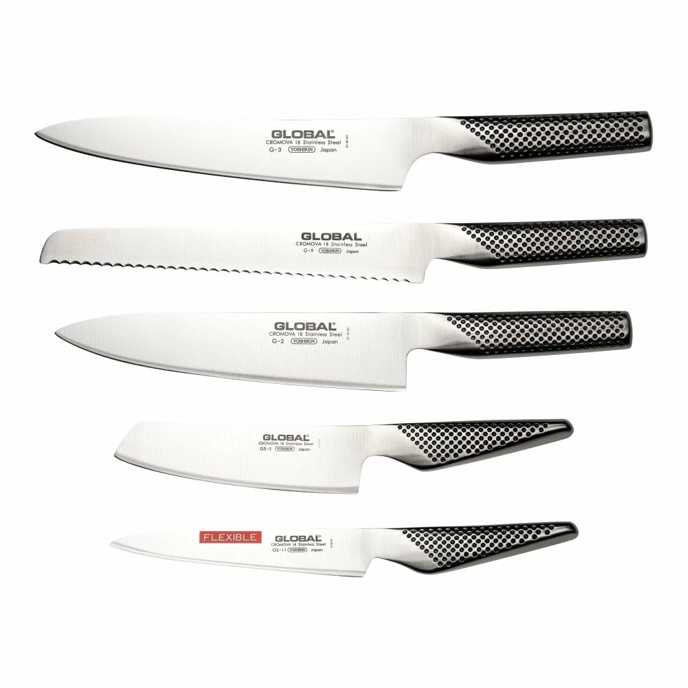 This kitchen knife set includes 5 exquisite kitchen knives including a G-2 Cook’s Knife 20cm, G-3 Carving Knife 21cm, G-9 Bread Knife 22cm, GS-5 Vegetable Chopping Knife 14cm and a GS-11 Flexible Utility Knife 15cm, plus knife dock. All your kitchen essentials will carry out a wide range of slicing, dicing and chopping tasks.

◇ ◇ ◇ ◇ ◇ ◇ ◇

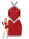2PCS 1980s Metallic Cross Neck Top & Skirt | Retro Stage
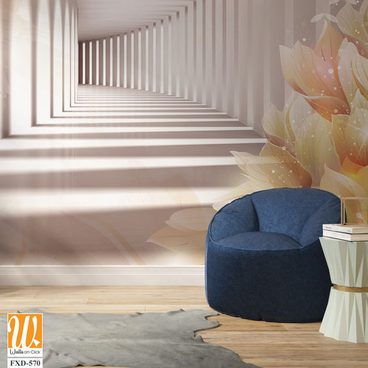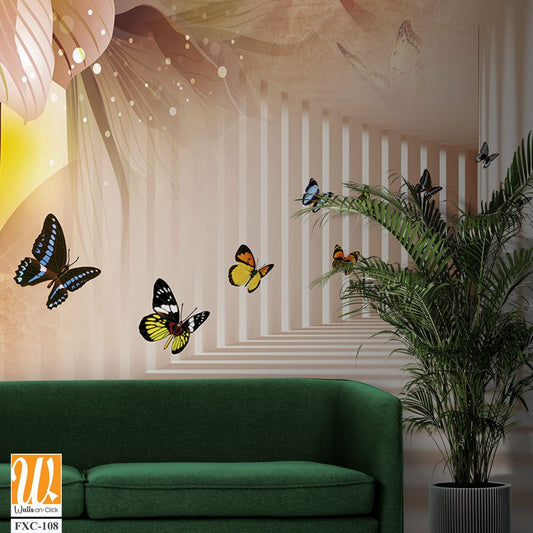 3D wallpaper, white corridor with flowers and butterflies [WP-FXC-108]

◇ ◇ ◇ ◇ ◇ ◇ ◇

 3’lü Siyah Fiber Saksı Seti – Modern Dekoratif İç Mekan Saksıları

◇ ◇ ◇ ◇ ◇ ◇ ◇

EXERCISE PROMPT
Within the material above, find the part that opens with the line containing "2PCS 1980s Metallic" and closes with the line containing "3D wallpaper, white", and reproduce it exactly without the pictures.

SOLUTION FOR THIS TASK
2PCS 1980s Metallic Cross Neck Top & Skirt | Retro Stage
 3D wallpaper, white corridor with flowers and butterflies [WP-FXC-108]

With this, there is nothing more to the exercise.